A power struggle in Ukraine: Election year update

Enter 2016, and about a month before the first primary vote is cast, Ars Technica reports that “about half the homes in the Ivano-Frankivsk region of Ukraine” had lost power due to an infection by an older common malware package called “Black Energy”. Black Energy made systems inoperable and even erased the disks on some affected systems.  It was thought to have originated in Russia, but attribution is never very easy. The lights, though, were out, and the cause was a cyber-attack. 

The future going dark? A look ahead

Enough about the past and present. Sara Peters writes in Dark Reading about the recent ISACA study which shows that 84 percent of surveyed IT professionals expect to see critical infrastructure disrupted by a cyber-attack in 2016. ISACA is an organization of auditors and control-reviewers, and are not prone to hyperbole. So I think it fair to believe that this is likely a reasonable, or at least well-reasoned, prognostication. 

So what are we waiting for? 

Almost ten years ago, we saw the potential for damage from these attacks, and five years ago we had evidence that reconnaissance was underway. Two years ago the NSA told us that we had been compromised, and last year we saw evidence that the compromise was pervasive and spreading. Just last month, in another country with a similarly aging infrastructure, people lost power, control, and probably confidence because their systems were coopted and shown to be inferior to the challenges that attackers pose. 

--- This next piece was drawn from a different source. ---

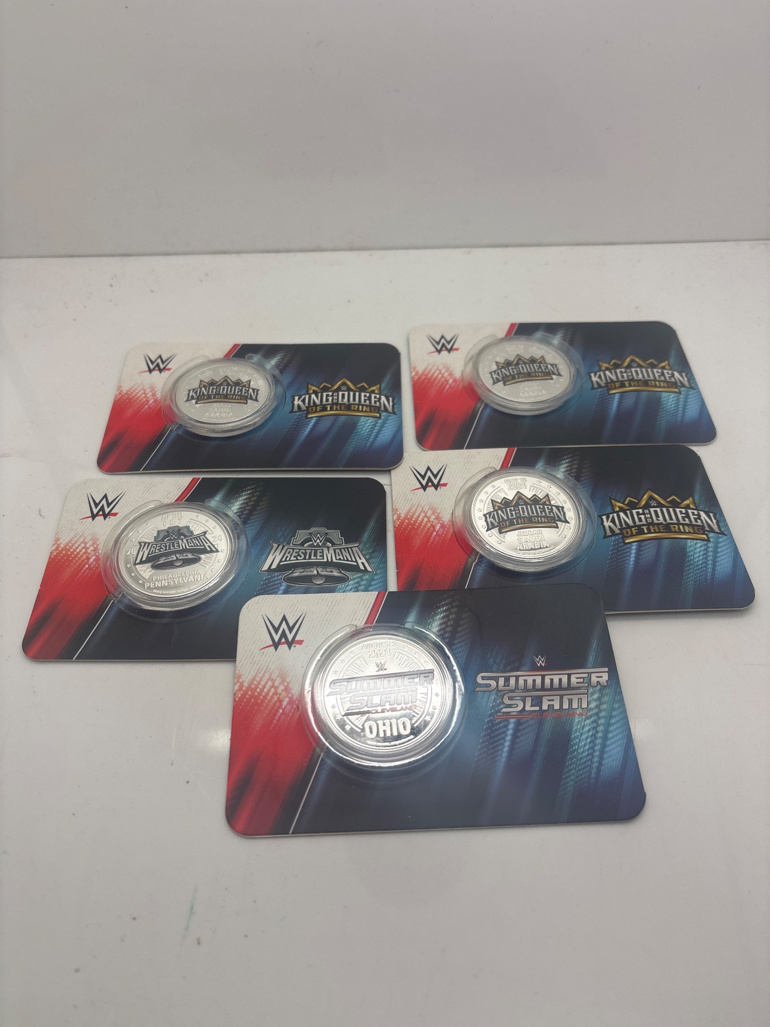Five WWE commemorative coins featuring King and Queen of the Ring, Summerslam, and other themes, presented in themed packaging.

The world is clearly in a turbulent state. The rise of more aggressive nation states like Iran leveraging cyber-attacks and the increasingly sophisticated use of technology by terrorists make this not only a challenge for us to face over the next four years, but a problem we need to start addressing today. The leaders we elect to serve us in these times must be able to understand and articulate a strategy to protect us. None are talking about it now, and I don’t know if any of the current lot can. But we should be asking, and we must keep asking.

Cybersecurity is clearly a primary concern for our industries and our infrastructure. It is time to make it a primary issue for our candidates.

Danahy is CTO and co-founder of Barkly, a cybersecurity firm.